**Task**
Without any pictures, print exactly the lines that run from the start of the data through the line containing "[訂貨約7-10個工作天] 💰💨快閃𝟰𝟴小時優惠: $𝟭𝟲𝟵💨[原價$199]".
*** Given information Section Begins ***
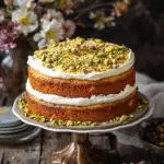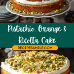 This Pistachio, Orange & Ricotta Cake is a vibrant, moist citrus dessert that balances zesty orange, creamy ricotta, and the rich nuttiness of pistachios. Topped with a silky pistachio-cream cheese frosting and a sprinkle of crushed pistachios, it’s the kind of cake I like to bake when I want something elegant yet comforting — ideal for weekends, celebrations, or even just a quiet afternoon with tea.
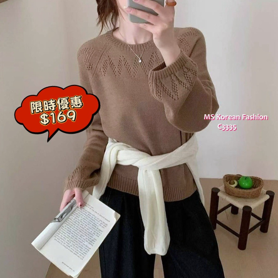 [訂貨約7-10個工作天] 💰💨快閃𝟰𝟴小時優惠: $𝟭𝟲𝟵💨[原價$199] ⏰優惠𝟭𝟰/𝟭𝟭 𝟮𝗽𝗺結束 ⏰ 簡單款一向受歡迎 淨色圓領針織top 領位同袖口都加左勾花W紋點綴🌷 單著或襯外套都一流 杏啡、寶藍 2色 尺寸 胸44"/長24.5" 📫1件加$15包順豐站/自助櫃,2件包順豐(順豐站/自助櫃/工商/住宅) 📱查詢及Order可Inbox或Whatsapp 6317 3061
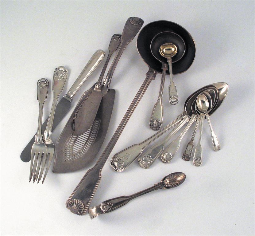 A composite or collected service, of fiddle, thread and shell pattern, (with the two different heels), comprising: 12 tablespoons 12 table forks 12 dessert spoons 12 dessert forks 12 teaspoons 12 egg spoons 12 coffee spoons 12 demi-tasse coffee spoons 2 butter knives A fish slice 2 sauce ladles A pair of tongs A soup ladle A mustard spoon 10 salt spoons Mixed makers and dates, some crested, George III to Victorian (the coffee spoons modern), together with 12 modern thread pattern table knives and 12 side knives (with stainless steel blades), 138 items in lot, 190oz weighable silver.
*** Given information Section Ends ***
**Solution**
 This Pistachio, Orange & Ricotta Cake is a vibrant, moist citrus dessert that balances zesty orange, creamy ricotta, and the rich nuttiness of pistachios. Topped with a silky pistachio-cream cheese frosting and a sprinkle of crushed pistachios, it’s the kind of cake I like to bake when I want something elegant yet comforting — ideal for weekends, celebrations, or even just a quiet afternoon with tea.
 [訂貨約7-10個工作天] 💰💨快閃𝟰𝟴小時優惠: $𝟭𝟲𝟵💨[原價$199] ⏰優惠𝟭𝟰/𝟭𝟭 𝟮𝗽𝗺結束 ⏰ 簡單款一向受歡迎 淨色圓領針織top 領位同袖口都加左勾花W紋點綴🌷 單著或襯外套都一流 杏啡、寶藍 2色 尺寸 胸44"/長24.5" 📫1件加$15包順豐站/自助櫃,2件包順豐(順豐站/自助櫃/工商/住宅) 📱查詢及Order可Inbox或Whatsapp 6317 3061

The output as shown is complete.